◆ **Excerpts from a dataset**
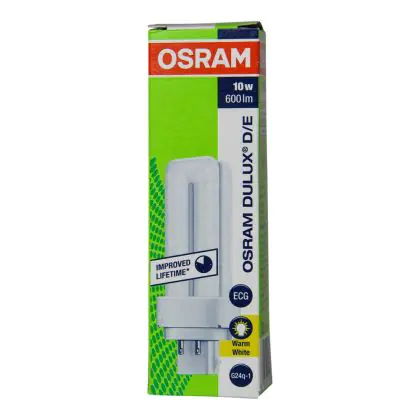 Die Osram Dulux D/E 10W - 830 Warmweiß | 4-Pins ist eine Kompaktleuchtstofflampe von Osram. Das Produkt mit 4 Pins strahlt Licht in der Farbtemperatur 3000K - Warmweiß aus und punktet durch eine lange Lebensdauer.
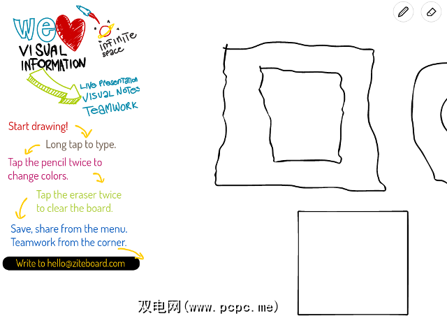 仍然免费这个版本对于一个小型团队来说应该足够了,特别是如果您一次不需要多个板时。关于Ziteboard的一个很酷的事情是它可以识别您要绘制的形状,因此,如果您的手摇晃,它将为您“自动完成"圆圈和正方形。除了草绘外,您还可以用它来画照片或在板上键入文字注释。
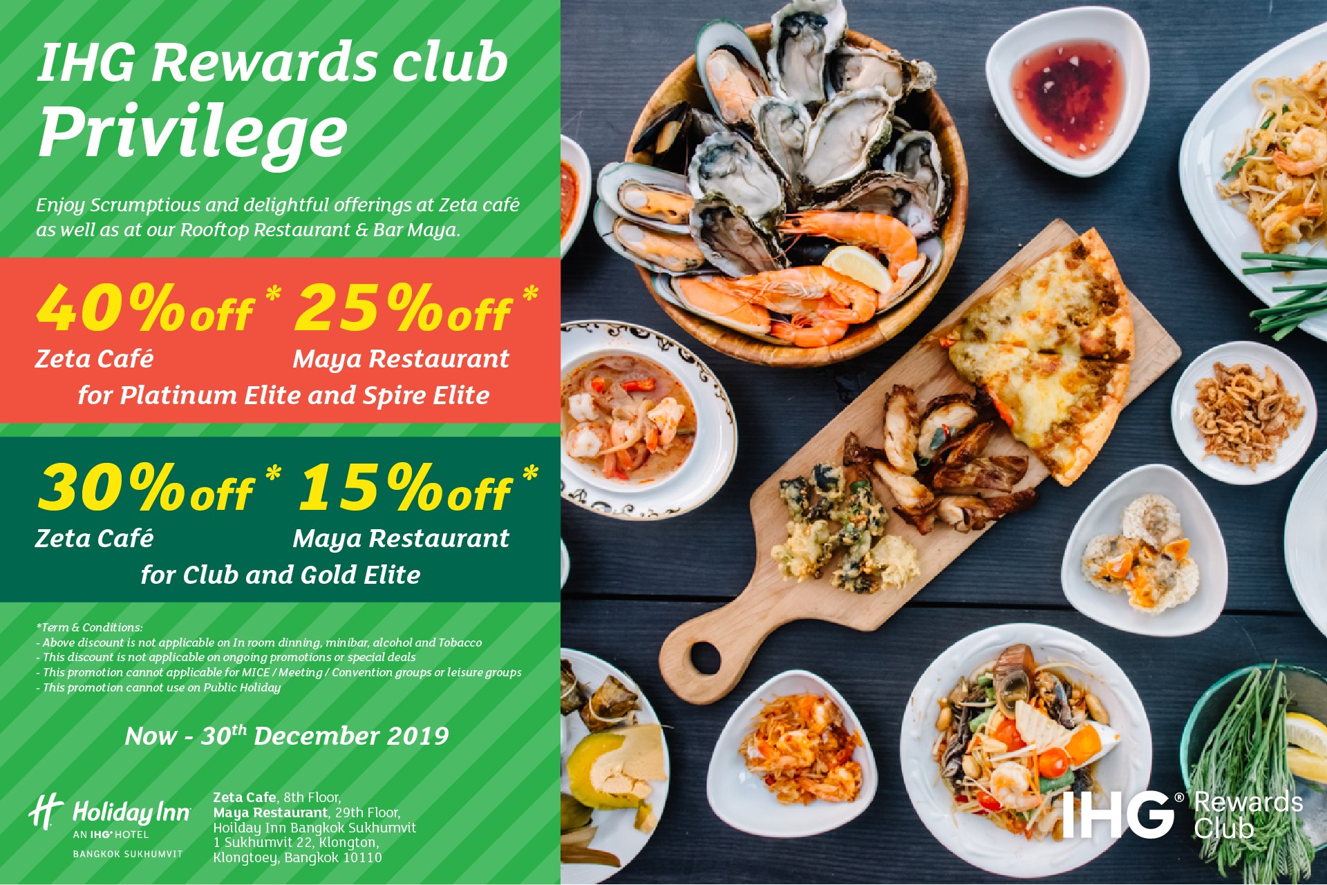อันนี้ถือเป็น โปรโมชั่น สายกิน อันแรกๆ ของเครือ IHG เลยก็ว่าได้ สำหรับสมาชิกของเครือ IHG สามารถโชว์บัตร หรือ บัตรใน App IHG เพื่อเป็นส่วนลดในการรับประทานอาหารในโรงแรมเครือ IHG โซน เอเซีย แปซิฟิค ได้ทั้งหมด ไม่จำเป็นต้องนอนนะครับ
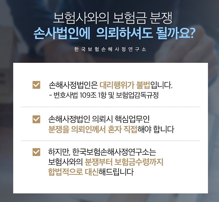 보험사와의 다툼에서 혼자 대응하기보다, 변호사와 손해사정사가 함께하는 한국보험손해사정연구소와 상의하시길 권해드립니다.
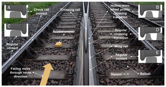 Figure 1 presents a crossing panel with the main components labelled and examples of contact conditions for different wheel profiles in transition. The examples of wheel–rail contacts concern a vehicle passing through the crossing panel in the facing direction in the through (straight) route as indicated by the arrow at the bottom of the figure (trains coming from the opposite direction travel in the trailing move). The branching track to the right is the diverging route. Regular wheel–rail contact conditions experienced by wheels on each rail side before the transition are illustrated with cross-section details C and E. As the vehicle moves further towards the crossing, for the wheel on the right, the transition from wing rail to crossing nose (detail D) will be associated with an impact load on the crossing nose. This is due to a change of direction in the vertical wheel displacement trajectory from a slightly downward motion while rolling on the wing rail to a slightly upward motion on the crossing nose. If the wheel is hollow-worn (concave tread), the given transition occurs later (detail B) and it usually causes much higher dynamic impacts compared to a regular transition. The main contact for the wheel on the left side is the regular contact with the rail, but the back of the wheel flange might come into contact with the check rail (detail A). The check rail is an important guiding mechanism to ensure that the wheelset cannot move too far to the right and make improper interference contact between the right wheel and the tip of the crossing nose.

◆ **EXERCISE REQUIREMENTS**
Without including any picture, repeat the data exactly.

◆ **ANSWER TO THIS TASK**
 Die Osram Dulux D/E 10W - 830 Warmweiß | 4-Pins ist eine Kompaktleuchtstofflampe von Osram. Das Produkt mit 4 Pins strahlt Licht in der Farbtemperatur 3000K - Warmweiß aus und punktet durch eine lange Lebensdauer.
 仍然免费这个版本对于一个小型团队来说应该足够了,特别是如果您一次不需要多个板时。关于Ziteboard的一个很酷的事情是它可以识别您要绘制的形状,因此,如果您的手摇晃,它将为您“自动完成"圆圈和正方形。除了草绘外,您还可以用它来画照片或在板上键入文字注释。
อันนี้ถือเป็น โปรโมชั่น สายกิน อันแรกๆ ของเครือ IHG เลยก็ว่าได้ สำหรับสมาชิกของเครือ IHG สามารถโชว์บัตร หรือ บัตรใน App IHG เพื่อเป็นส่วนลดในการรับประทานอาหารในโรงแรมเครือ IHG โซน เอเซีย แปซิฟิค ได้ทั้งหมด ไม่จำเป็นต้องนอนนะครับ
 보험사와의 다툼에서 혼자 대응하기보다, 변호사와 손해사정사가 함께하는 한국보험손해사정연구소와 상의하시길 권해드립니다.
 Figure 1 presents a crossing panel with the main components labelled and examples of contact conditions for different wheel profiles in transition. The examples of wheel–rail contacts concern a vehicle passing through the crossing panel in the facing direction in the through (straight) route as indicated by the arrow at the bottom of the figure (trains coming from the opposite direction travel in the trailing move). The branching track to the right is the diverging route. Regular wheel–rail contact conditions experienced by wheels on each rail side before the transition are illustrated with cross-section details C and E. As the vehicle moves further towards the crossing, for the wheel on the right, the transition from wing rail to crossing nose (detail D) will be associated with an impact load on the crossing nose. This is due to a change of direction in the vertical wheel displacement trajectory from a slightly downward motion while rolling on the wing rail to a slightly upward motion on the crossing nose. If the wheel is hollow-worn (concave tread), the given transition occurs later (detail B) and it usually causes much higher dynamic impacts compared to a regular transition. The main contact for the wheel on the left side is the regular contact with the rail, but the back of the wheel flange might come into contact with the check rail (detail A). The check rail is an important guiding mechanism to ensure that the wheelset cannot move too far to the right and make improper interference contact between the right wheel and the tip of the crossing nose.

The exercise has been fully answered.